He spent the following twelve years of his career in Belgium, where he was regarded as a significant sculptor famous for his portraits. His style of figurative sculpture started to evolve here. He made the following sculptures in Belgium: Runner at the starting line, Life and Dancing girl (1911) – the latter can be considered the most modern sculpture in its time.

World War I affected his career as well; it forced him, as many of his colleagues, to have a pause. Then in 1922, he participated in a group exhibition in Stockholm, which was followed by an individual exhibition in the Ernst Museum in Budapest. Although Lajos Petri had already become a successful sculptor at an international level by this time, he was not really accepted in his home country.

During the period between 1925–1940, almost his entire time was consumed by submitting his applications to calls announced by the state. This was a bitter epoch for him as his applications, which required plenty of months of work, were in most of the cases rejected by the political establishment.

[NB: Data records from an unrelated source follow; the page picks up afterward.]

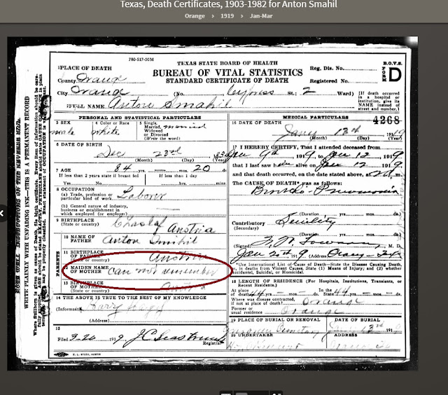 This is so sad to me, that in one generation the name of his parents could be completely forgotten. This is a rare example of a Texas Czech death record having a hint to the village of origin – “Chaslaf”? But it is really sad that the mother’s name is forgotten.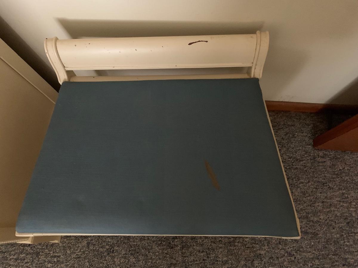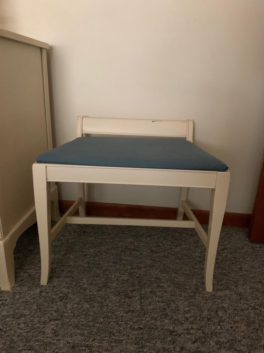White Slipper Bench. Matches White 5 Drawer Chest, White Vanity with mirror and chair, white bedside chest.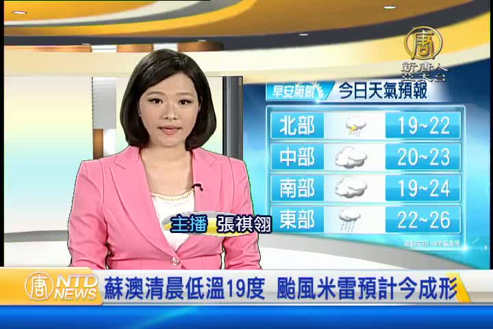 【新唐人亞太台 2016 年 11 月 02 日訊】歡迎您收看11月2日的早安新唐人,我是張祺翎。先來帶您關心今天的天氣情況。 因為東北季風報到,氣溫驟降,昨天,全台平地 有八個測站 測到今年入秋以來最低溫,今天清晨,蘇澳低溫來到19度,而今天白天,桃園以北和宜蘭高溫預計只有22度,這樣的濕冷天氣,會持續到明天星期四。另外,今年第23號颱風「米雷」,預計會在今天成形,不過因為距離遠,預計本週不會影響台灣。帶您一起來看到國際媒體重要訊息。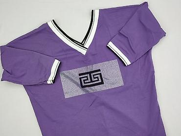 Fioletowa bluzka damska Everyday Wear - Rozmiar: XL (z metki) - Krój: luźniejsza góra z krótkim rękawem typu kimono, lekko opadający dekolt - Długość: klasyczna, do bioder - Kolor: głęboki fiolet ...

The year 1935 brought the recognition that he had been longing for as he received the greatest order from the Hungarian state, a monumental statue, a hussar on horseback. In Hungary, this monument is considered one of the greatest examples of statues in classical style commemorating historical events. Following this, he received several orders from the state, yet World War II interrupted this new, successful period of his career. During the disasters of the war, one of his friends, Zoltán Kodály, the internationally acknowledged Hungarian composer and the president of the Hungarian Academy of Science, helped him survive the inhumane era. After the war, Kodály, who also played a leading role in rebuilding the cultural life in Hungary, supported Petri further on. Petri's spirit was not broken, and finally, after the war, he began to receive many orders from the state. He also proved to be very productive in other fields; he held lectures on art: The conflict of art and the public, The role of art criticism and beauty in the new art and The real face of Michelangelo. He also started to publish his studies: From clay to marble, Depicting sport in art and About Monumentality.

His reputation did not fade in Belgium; a long article was written about him in the Brussels literary magazine Le Musée du Soir, and he had the pleasure of having an exhibition once more in Brussels in 1959. His entire career was introduced at a comprehensive exhibition at the [http://egykor.hu/budapest-v--kerulet/nemzeti-szalon/2123 Nemzeti Szalon in Budapest in 1960 and then in the same year at the Hall of Art (in Hungarian Műcsarnok) in Budapest.

Petri about the portrait:
“The similarity of the portrait to its model is a complex thing. The sculptor cannot create this similarity solely by observing the model in every detail. What the sculptor needs is understanding and affection, interest in the model and identifying himself/herself almost entirely to the model’s thoughts and emotions. Egocentric and condescending people, who lack these, will never create a good portrait; not even of those whom they love. This is why Michelangelo called the portrait, as such, the peak of all sorts of art. Furthermore, this is the reason why a certain connection will have developed between its creator and its model by the time the portrait is completed.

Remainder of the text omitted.